If those proxies aren’t good enough? Then we have a gap.

Scalability

Whether or not such a gap could come to exist, today it doesn’t seem to. So: is it possible to do empirical work on AI control today?

I think so. My preferred approach is to focus on scalable approaches: those that will continue to work, and which will preferably work better, as our AI systems become more capable.

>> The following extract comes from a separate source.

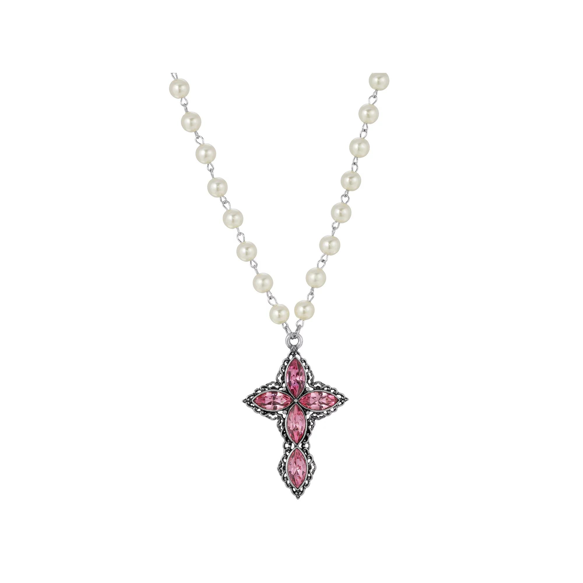 Show off your spiritual side with this beautiful 1928 Crystal Diamond Shaped Stones Cross Simulated Pearl Necklace. Show off your spiritual side with this beautiful 1928 Crystal Diamond Shaped Stones Cross Simulated Pearl Necklace. DETAILS Pendant length: 2.5 in. 16 in.-30 in. with 3 in. extender Clasp: lobster-claw Metal: alloy Plating: silver tone Finish: polished Not appropriate for children 14 years old and younger. Size: One Size. Color: Pink. Gender: female. Age Group: adult.

We should not be satisfied with control techniques that will eventually break down, or which will require continuous innovation in order to keep pace with AI capabilities.

This gives us something to do today: try to devise practical and scalable solutions to the AI control problem.

Even if we don’t think that this is a good objective for current AI control research, I think that the concept of scalable AI control is very useful (and is probably more broadly acceptable than substitutes like “the superintelligence control problem” or “omni-safety”).

This definition is not completely precise, and I provide some important clarification in Section 2. I think that it in practice there is often a pretty clear line between scalable and unscalable proposals, which I think can serve both as a useful concept and a useful research direction.

In Section 3 I’ll provide some examples of approaches which aren’t scalable, and in Section 4 I’ll discuss some alternative goals for AI control research.

2. Clarification

Scaling to handle what?

It’s only really meaningful to talk about whether a technique can be scaled to handle some particular kind of progress. There is no unified spectrum of “capability” that AI is progressing along steadily.

Ideally we would make techniques that can scale to handle any kind of progress that might occur. In practice I am interested in techniques that can handle various simple, foreseeable kinds of progress. Once that bar can be met, we can consider a wider and wider range of possible trajectories.

What are simple, foreseeable forms of progress? Easy examples are faster computers, better optimization strategies, or richer model classes that are easier to optimize over. More generally, researchers are working on and making continuous progress on a wide range of concrete problems, and in most cases we can imagine progress continuing for a long time, without fundamentally changing the nature of the AI control problem.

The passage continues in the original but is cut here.